Information supplied –
·····
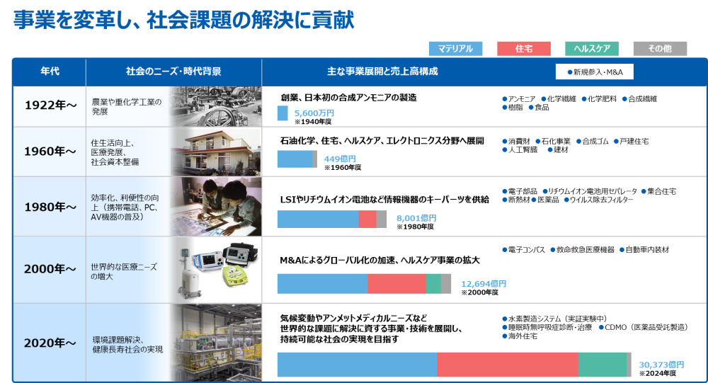 旭化成は、創業以来「化学」にとどまらず、技術を独自に融合し新しい挑戦をくり返し、時代の変遷に応じて、繊維、住宅・建材、医薬・医療、エレクトロニクスなど、多彩な事業を展開し、進化してきました。さらには環境・エネルギー分野へも展開を拡げ、技術領域も「科学」を包括するものになってきています。
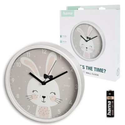 Children's wall clock without ticking sounds: clock with quiet movement thanks to the creeping second hand - no annoying ticking for a relaxed playing and learning or restful sleeping environment Quartz watch with analogue time display: with hour, minute and second hands for accurate display of the time, 25 cm diameter Child-friendly design: ideal as a wall clock for children's room, cute rabbit motif, robust plastic cover Can be used as a learning clock: clear dial with Arabic numbers for the hours and strokes for the minutes, practical for learning the watch Box contents: 1 x children's wall clock "Maui", 1 x AA Mignon battery, 1 x instruction manual (paper, cardboard and cardboard packaging of the packaging FSC-certified)
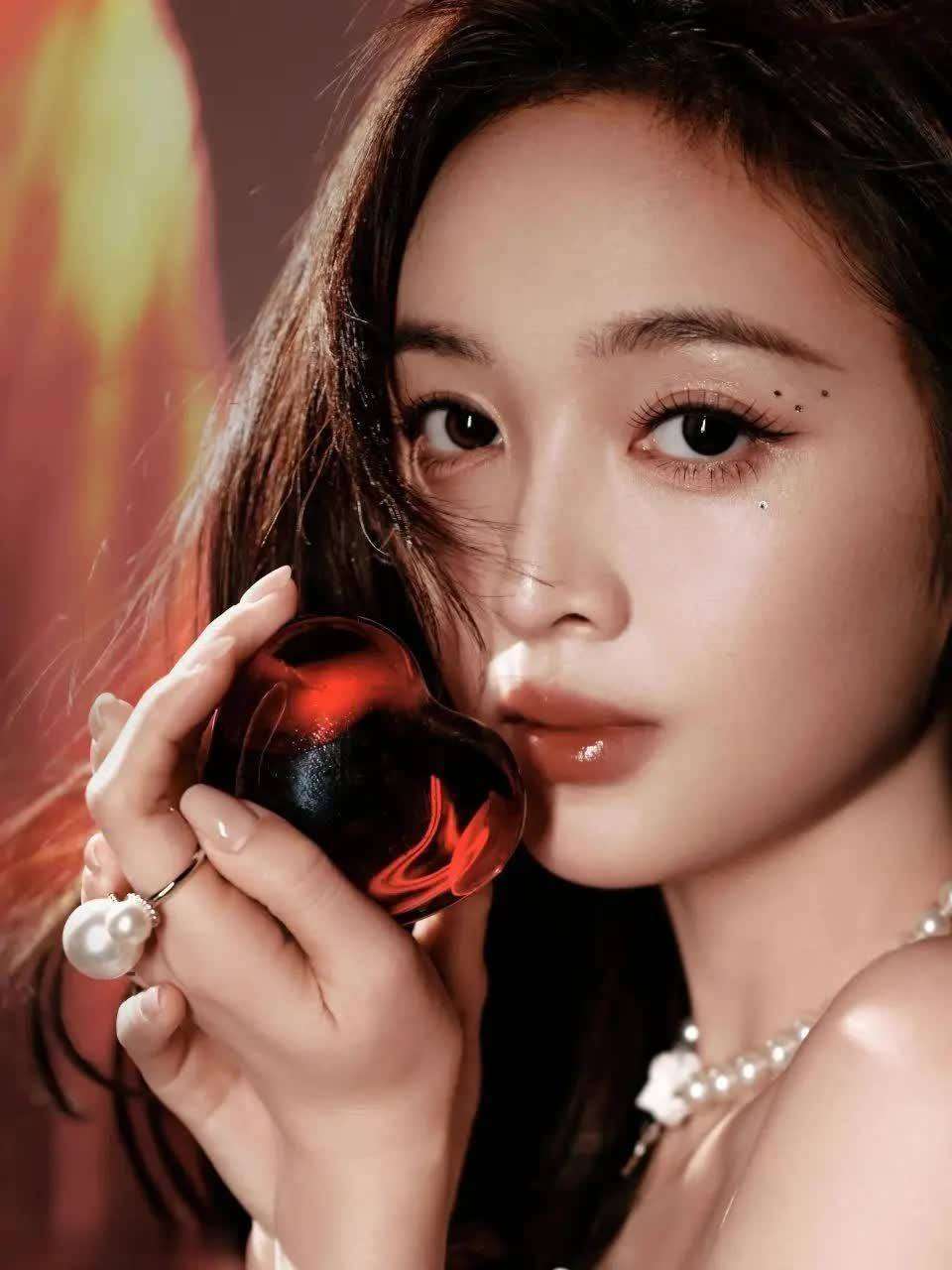 当镜头靠近,她眼尾上贴着三颗精致的钻石,唇上水光感的琥珀色唇釉,与指尖的珍珠戒指互相呼应,完美地融合进了礼裙的元素。她手中轻捧着那颗红心玻璃球,姿态慵懒又带着迷人的气质。长发垂落在她的手臂上,更衬得她那纤细如瓷的手腕显得格外脆弱而优美。这组特写的精妙之处就在于反差:甜美的五官是表象,而眼尾的钻石和唇间的冷调,正是她内心深处的野心的真实展现。
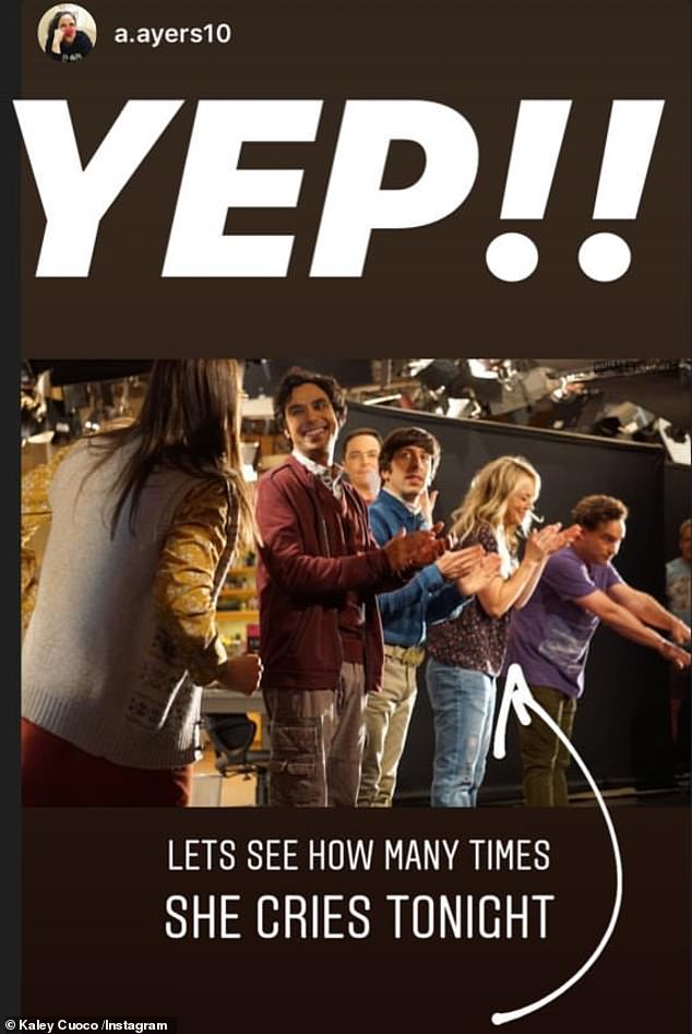 She reposted a photo from Alex Ayers, a Big Bang Theory writer, showing the cast at a taping where everyone seemed to be happy except for a crying Kaley.
·····
Your reply should hold only the lines running from the one with "Children's wall clock without" to the end of the data above, set down exactly, pictures omitted.

Result –
 Children's wall clock without ticking sounds: clock with quiet movement thanks to the creeping second hand - no annoying ticking for a relaxed playing and learning or restful sleeping environment Quartz watch with analogue time display: with hour, minute and second hands for accurate display of the time, 25 cm diameter Child-friendly design: ideal as a wall clock for children's room, cute rabbit motif, robust plastic cover Can be used as a learning clock: clear dial with Arabic numbers for the hours and strokes for the minutes, practical for learning the watch Box contents: 1 x children's wall clock "Maui", 1 x AA Mignon battery, 1 x instruction manual (paper, cardboard and cardboard packaging of the packaging FSC-certified)
 当镜头靠近,她眼尾上贴着三颗精致的钻石,唇上水光感的琥珀色唇釉,与指尖的珍珠戒指互相呼应,完美地融合进了礼裙的元素。她手中轻捧着那颗红心玻璃球,姿态慵懒又带着迷人的气质。长发垂落在她的手臂上,更衬得她那纤细如瓷的手腕显得格外脆弱而优美。这组特写的精妙之处就在于反差:甜美的五官是表象,而眼尾的钻石和唇间的冷调,正是她内心深处的野心的真实展现。
 She reposted a photo from Alex Ayers, a Big Bang Theory writer, showing the cast at a taping where everyone seemed to be happy except for a crying Kaley.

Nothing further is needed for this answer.